Problems based on investigating functions using functional relationship

Understanding Problems Based on Investigating Functions Using Functional Relationship

Investigating functions through their functional relationships involves understanding how functions interact with each other, how they can be combined, and how they can be manipulated to reveal certain properties such as continuity, differentiability, and limits. In this context, we will explore various aspects of functional relationships and how they can be used to solve problems in calculus.

Functional Relationships

A functional relationship is a connection or a rule that defines how one quantity depends on another. In mathematics, this often refers to how the output of a function is determined by its input.

Types of Functional Relationships

Direct Relationship: When one quantity increases, the other also increases.
Inverse Relationship: When one quantity increases, the other decreases.
Composite Functions: Functions composed of other functions, denoted as $(f \circ g)(x) = f(g(x))$.
Inverse Functions: Functions that reverse the effect of the original function, denoted as $f^{-1}(x)$.

Investigating Continuity and Differentiability

When investigating functions, two of the most important properties to consider are continuity and differentiability.

Continuity: A function $f(x)$ is continuous at a point $x = a$ if $\lim_{x \to a} f(x) = f(a)$.
Differentiability: A function $f(x)$ is differentiable at a point $x = a$ if $f'(a)$ exists.

Table of Differences and Important Points

Property	Continuity	Differentiability
Definition	$\lim_{x \to a} f(x) = f(a)$	$f'(a)$ exists
Graphical View	No breaks, jumps, or holes	Smooth curve, no sharp corners
Composite Func.	Continuity of both $f(x)$ and $g(x)$	Differentiability of both $f(x)$ and $g(x)$
Inverse Func.	Continuous if original is continuous	Differentiable if original is differentiable

Investigating Functions Using Functional Relationships

Composite Functions

When dealing with composite functions, we need to investigate the continuity and differentiability of both the inner function $g(x)$ and the outer function $f(x)$.

Continuity of Composite Functions

For $(f \circ g)(x)$ to be continuous at $x = a$, both $f(x)$ and $g(x)$ must be continuous at $g(a)$ and $a$, respectively.

Differentiability of Composite Functions

For $(f \circ g)(x)$ to be differentiable at $x = a$, both $f(x)$ and $g(x)$ must be differentiable at $g(a)$ and $a$, respectively. The derivative is given by the chain rule:

$$ (f \circ g)'(a) = f'(g(a)) \cdot g'(a) $$

Inverse Functions

Inverse functions reverse the effect of the original function. For an inverse function to exist, the original function must be one-to-one (bijective).

Continuity of Inverse Functions

If $f(x)$ is continuous and bijective on an interval, then its inverse $f^{-1}(x)$ is also continuous on the corresponding interval.

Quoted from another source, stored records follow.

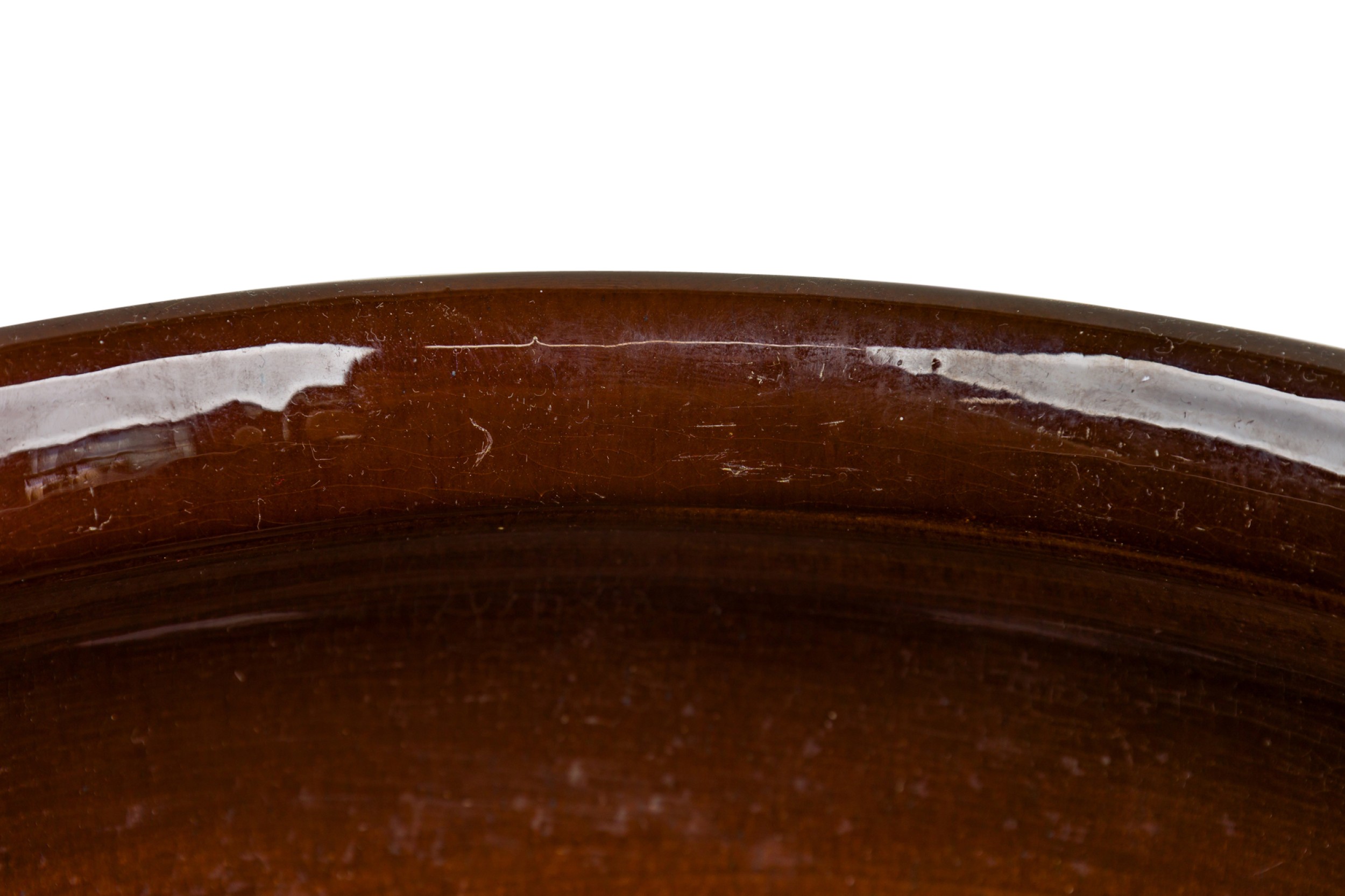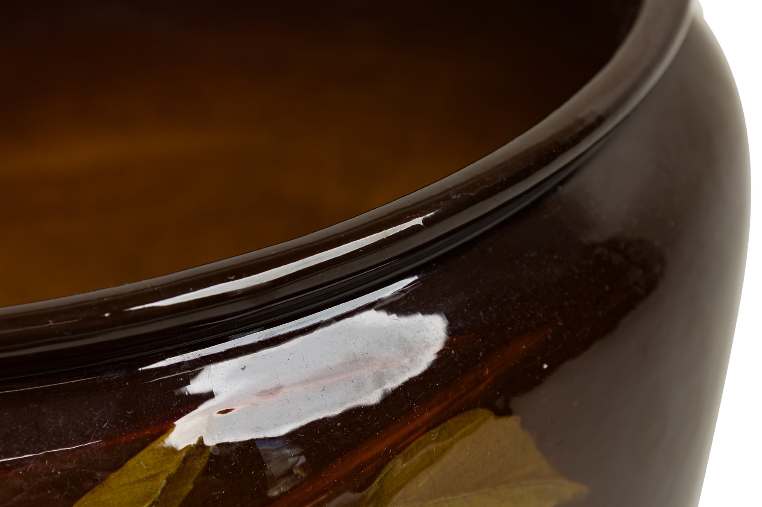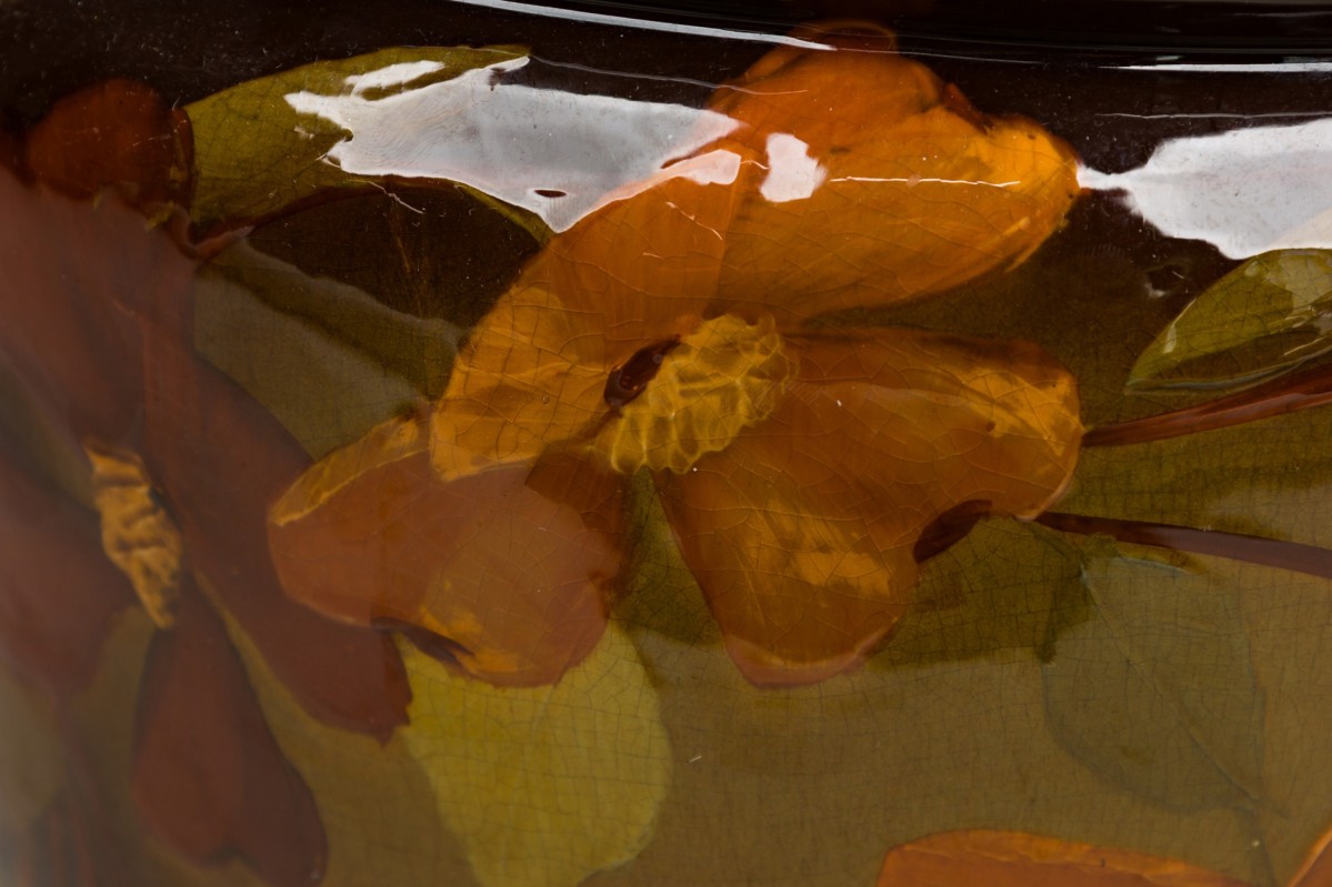 American Mission glazed brown porcelain jardiniere with hand painted monochromatic floral detail (WELLER POTTERY)
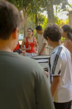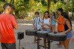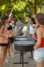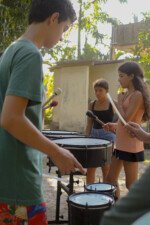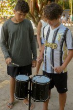 Dando ritmo as expressões, as crianças do cambiró se mexem como instrumentos. Na oficina de música, os sons se entrelaçam ao vento, ressoando tudo de bom o tambom ecoa o amor. Com o coração aquecido as crianças replitam o repique.
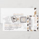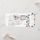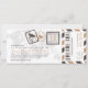 A boarding pass inspired ticket invitation with fun passport stamp details and airmail stripes. Shown in shades of Dark Brown, Tan, Dark Grey and Light Grey. Back side includes extra space for any hotel, travel or website information.

Differentiability of Inverse Functions

If $f(x)$ is differentiable and its derivative is never zero on an interval, then $f^{-1}(x)$ is differentiable on the corresponding interval. The derivative of the inverse function is given by:

$$ (f^{-1})'(y) = \frac{1}{f'(f^{-1}(y))} $$

Examples

Example 1: Composite Functions

Let $f(x) = \sqrt{x}$ and $g(x) = x^2 + 1$. Investigate the continuity and differentiability of the composite function $(f \circ g)(x)$.

Solution:

$f(x)$ is continuous for $x \geq 0$.
$g(x)$ is continuous for all $x$.
Therefore, $(f \circ g)(x)$ is continuous for all $x$.
$f(x)$ is differentiable for $x > 0$.
$g(x)$ is differentiable for all $x$.
Therefore, $(f \circ g)(x)$ is differentiable for all $x \neq 0$.

Example 2: Inverse Functions

Let $f(x) = e^x$. Find the derivative of its inverse function.

Solution:

$f(x)$ is continuous and differentiable for all $x$.
The inverse function is $f^{-1}(x) = \ln(x)$.
Using the formula for the derivative of the inverse function:

$$ (f^{-1})'(y) = \frac{1}{f'(f^{-1}(y))} = \frac{1}{e^{\ln(y)}} = \frac{1}{y} $$

Therefore, the derivative of the inverse function $f^{-1}(x) = \ln(x)$ is $\frac{1}{x}$.

By understanding the functional relationships and applying the properties of continuity and differentiability, we can investigate and solve complex problems involving functions. It is crucial to remember the conditions under which these properties hold and to apply the appropriate rules and formulas when analyzing composite and inverse functions.